Data extract:
───
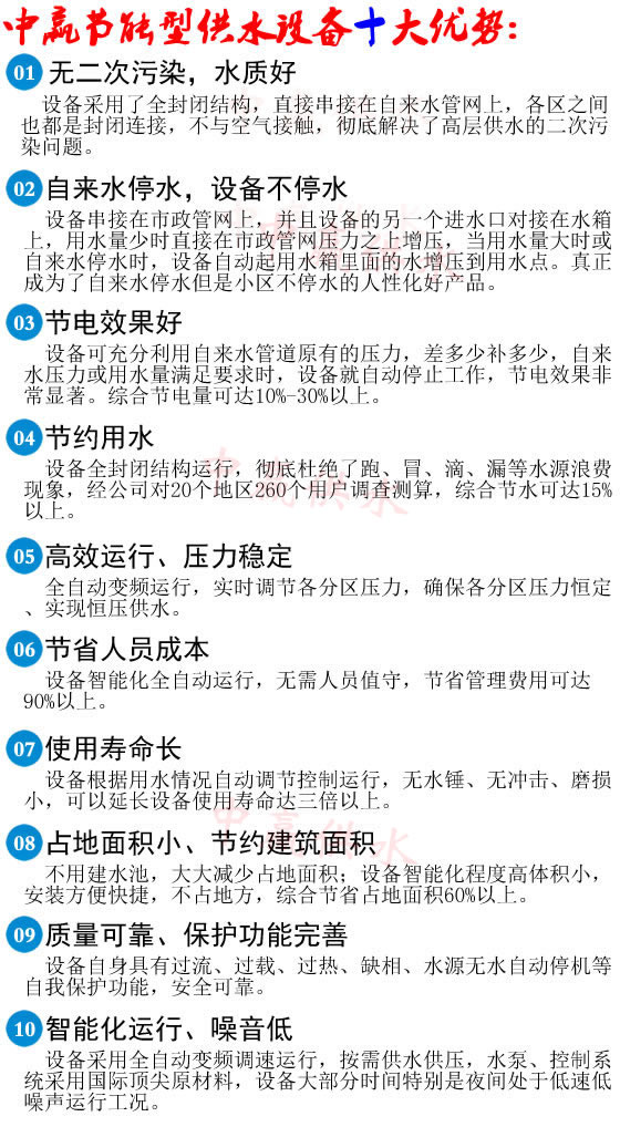 1、 設備直接串聯在自來水官網上,不用建水池,節約大量土地和資金。
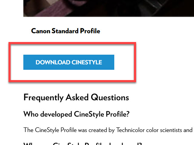설명 드린 홈페이지로 이동하셨다면 화면에 있는 <DOWNLOAD CINESTYLE> 의 파란색 버튼을 클릭하여 파일을 현재 사용하고 있는 내 컴퓨터의 다운로드 폴더로 받는 작업부터 진행해 주셔야 합니다
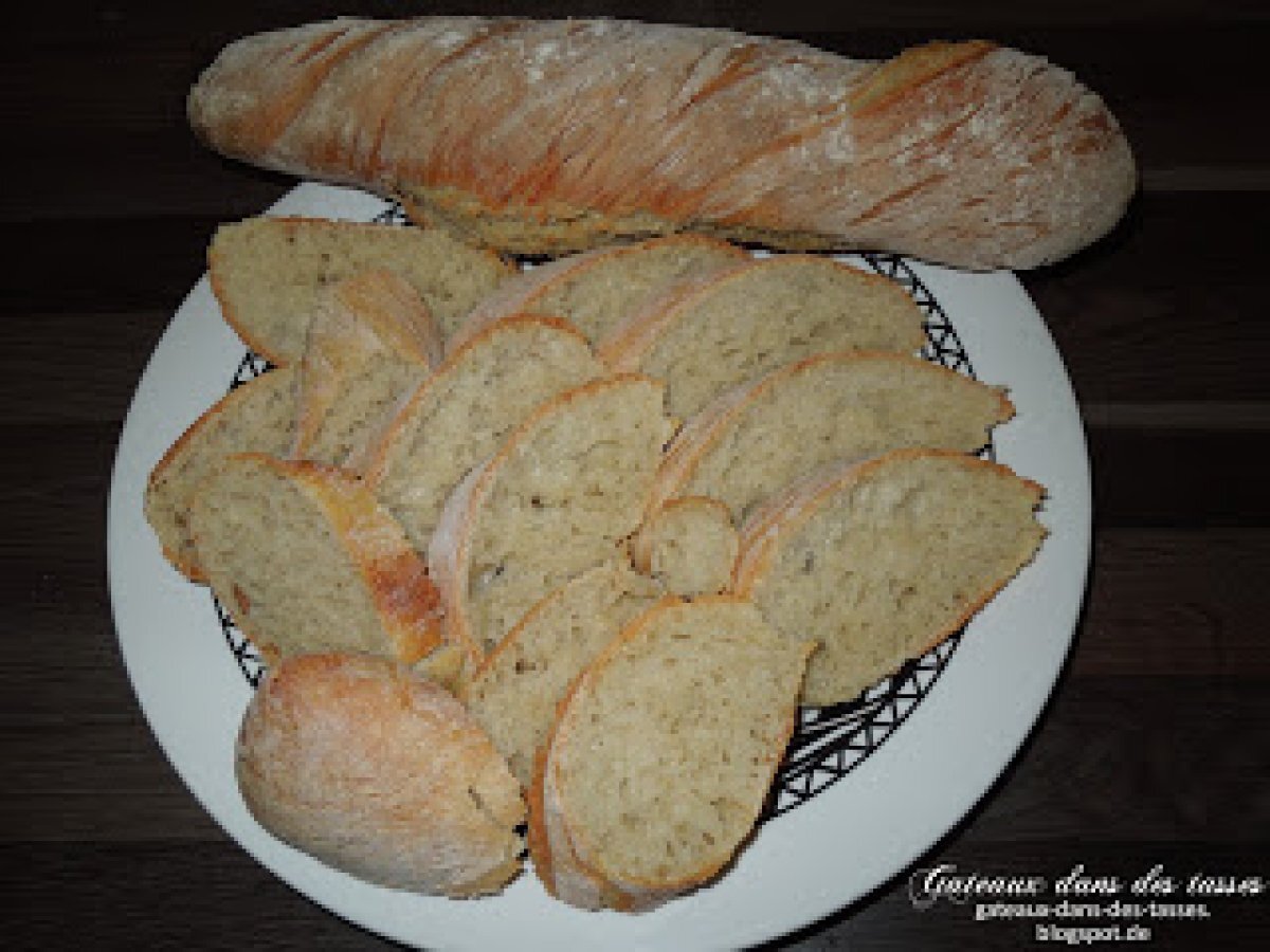 - Zu guter letzt stäubt ihr noch etwas Mehl über das Baguette und gebt es auf einem Backpapier in den Ofen.
───
Directions for this task:
Each line of the data above must be repeated exactly, images excluded.

Answer box:
 1、 設備直接串聯在自來水官網上,不用建水池,節約大量土地和資金。
설명 드린 홈페이지로 이동하셨다면 화면에 있는 <DOWNLOAD CINESTYLE> 의 파란색 버튼을 클릭하여 파일을 현재 사용하고 있는 내 컴퓨터의 다운로드 폴더로 받는 작업부터 진행해 주셔야 합니다
 - Zu guter letzt stäubt ihr noch etwas Mehl über das Baguette und gebt es auf einem Backpapier in den Ofen.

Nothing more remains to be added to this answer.